I have received a number of private responses, but all of them are from 
Mac users, and one correspondent said EPS works fine on Mac and doesn't 
work at all on Windows. 

I honestly don't believe the latter could possibly be true when the PC 
where the EPS is being produced has a PS printer attached. If it were 
true, then there would be a major area where Coda has failed in providing 
feature parity, and I have a hard time believing they'd let that happen.

I asked about the pitfalls of producing the EPS files (though I admit I 
didn't mention that it was Windows). So far, I'm pretty sure these things 
are important to insure that it works:

1. Finale has to have been installed with the PS printer set as the 
default. If it was not, then the PS fonts would not have been installed.

2. The files for export have to be produced using the PS versions of the 
fonts. I've got a PS printer and I've had significant problems with the 
different font names (TT vs. PS), and I've never actually gotten PS 
printing to work reliably (but I have a much older version of Finale than 
the person for whom I'm asking this question).

3. At EPS export time, the active printer for the document must be the PS 
printer.

What else has to be done? I just set everything up appropriately on my 
system, and even thought the Word print preview is obviously showing only 
the TIFF preview, the file prints out as PS, but the fonts are completely 
wrong. Printing from Finale (with PS fonts to the PS printer) works just 
fine, even though I've often had great difficulty with that. Of course, 
my version of Finale is very old (97; Word is only 97, too), so things 
may be better in later version.

I guess my only option is to try it out on the person's system and see 
what happens, then come back and ask questions.

I know that EPS is the right format for this, as that's going to be best 
for production print work with a professional graphic designer.
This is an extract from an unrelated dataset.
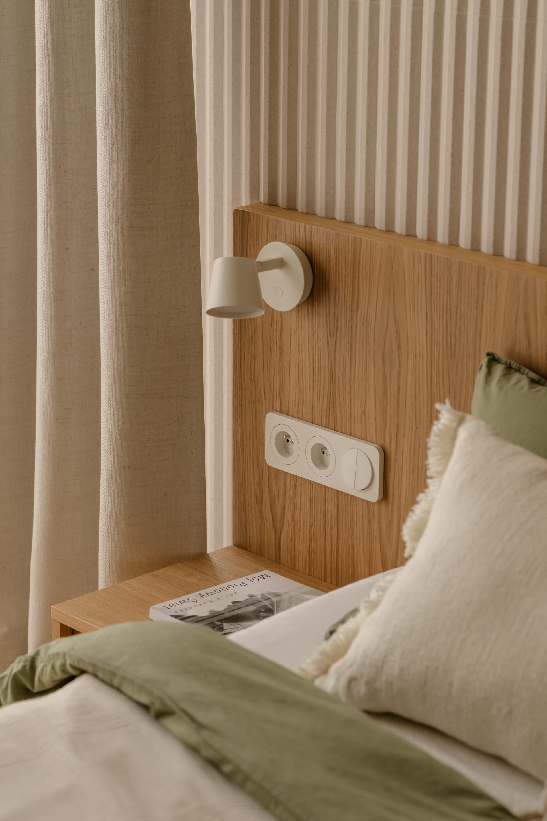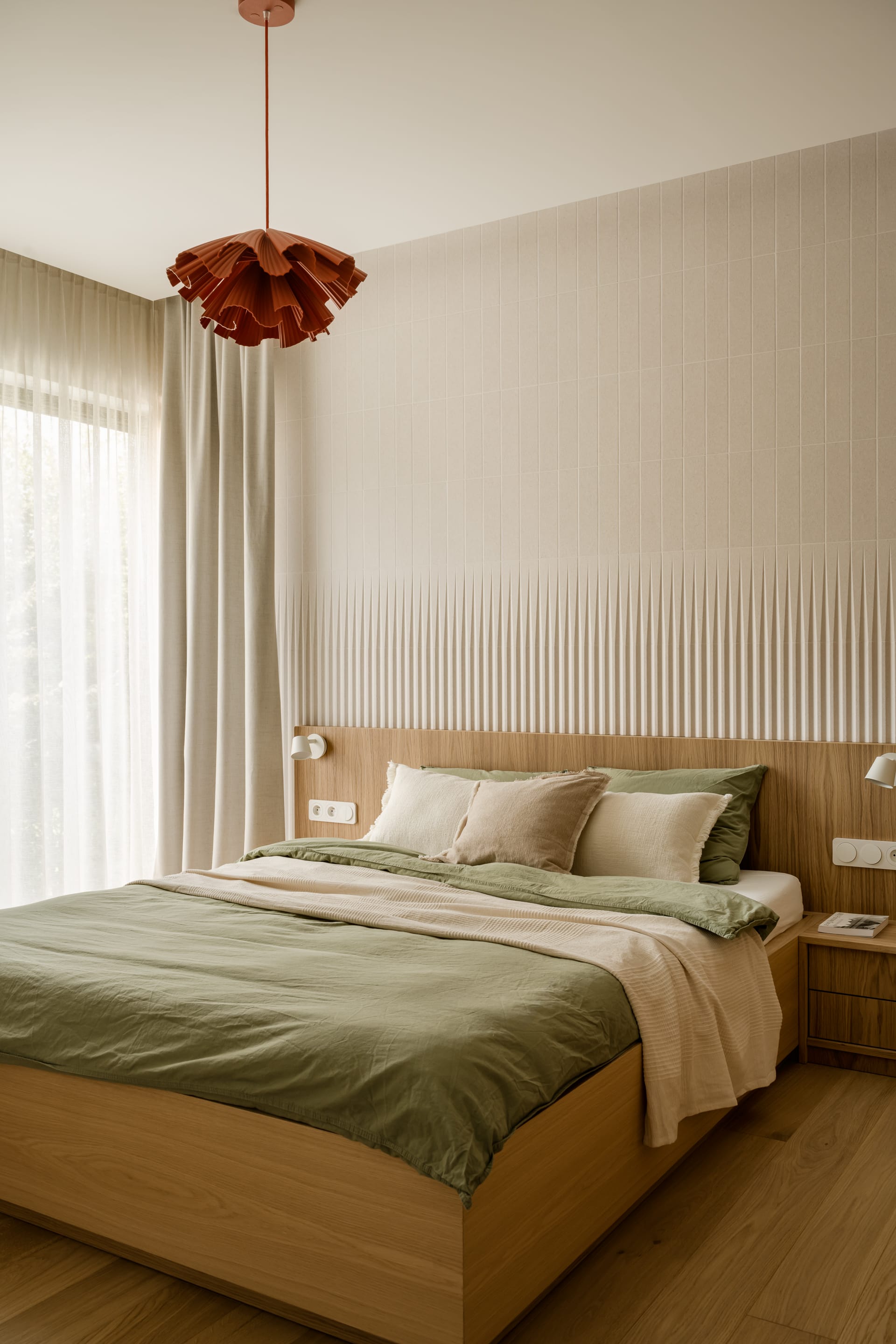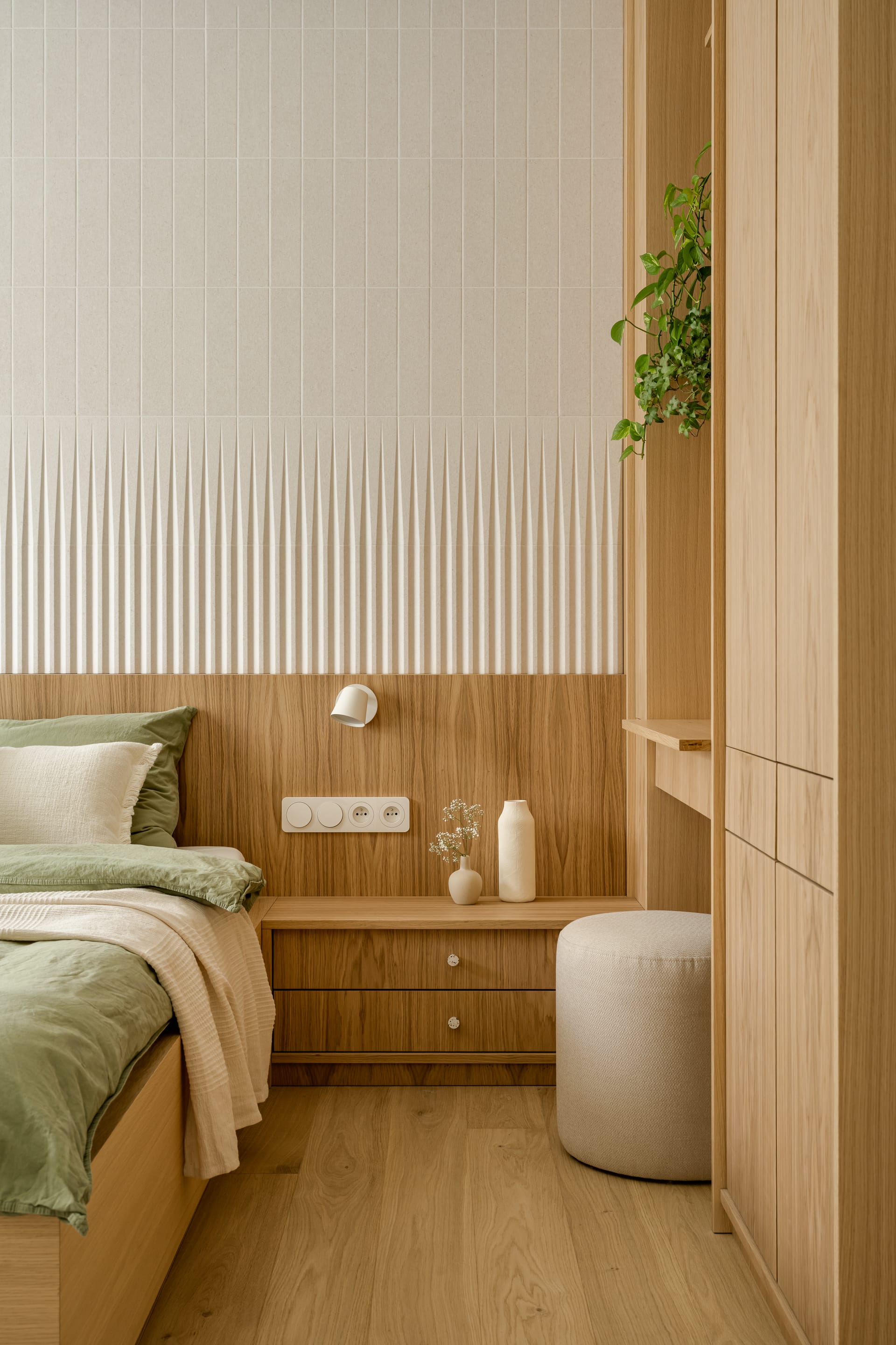 Piętro to prywatna enklawa, obejmująca sypialnie, garderobę i łazienki. W sypialni głównej trójwymiarowa struktura płytek Wow Design tworzy subtelną grę światła i cienia, kontrastując z drewnianym wezgłowiem. Rytm pionowych, ryflowanych elementów powtarza się także w balustradzie i meblach. – Oczywiście w sypialni musiało się też znaleźć miejsce dla roślin, których miłośniczką jest właścicielka domu – mówi Bryniarska.

I'd like 
all of this to be done at a professional level. Obviously, if we can't 
work it out, we can fall back to the TIFFs. I generally don't use those 
directly in Word, but instead export the TIFF at very high resolution (as 
high as the destination printer), then use my graphics editor to up the 
color depth to the maximum, then resample to a smaller size to save as a 
GIF, and then import that into Word. Word does an excellent job of re-
rasterizing embedded graphics (it has intelligent resampling that doesn't 
lose very thin lines or badly anti-alias them, at least not until you 
make the graphic very, very small).

In this case, we'd be sending the designer the GIFs embedded in the Word 
file, but would also send the raw TIFFs so the designer could use the raw 
source images in the actual production work. It would probably work OK, 
but it would certainly be more work than with the EPS option, and it will 
be costing the journal more hours of the designer's work that has to be 
paid for, especially in this issue, where there are lots of very small 
musical examples in one of the articles.

So, if we can make EPS work, then that is far, far preferrable.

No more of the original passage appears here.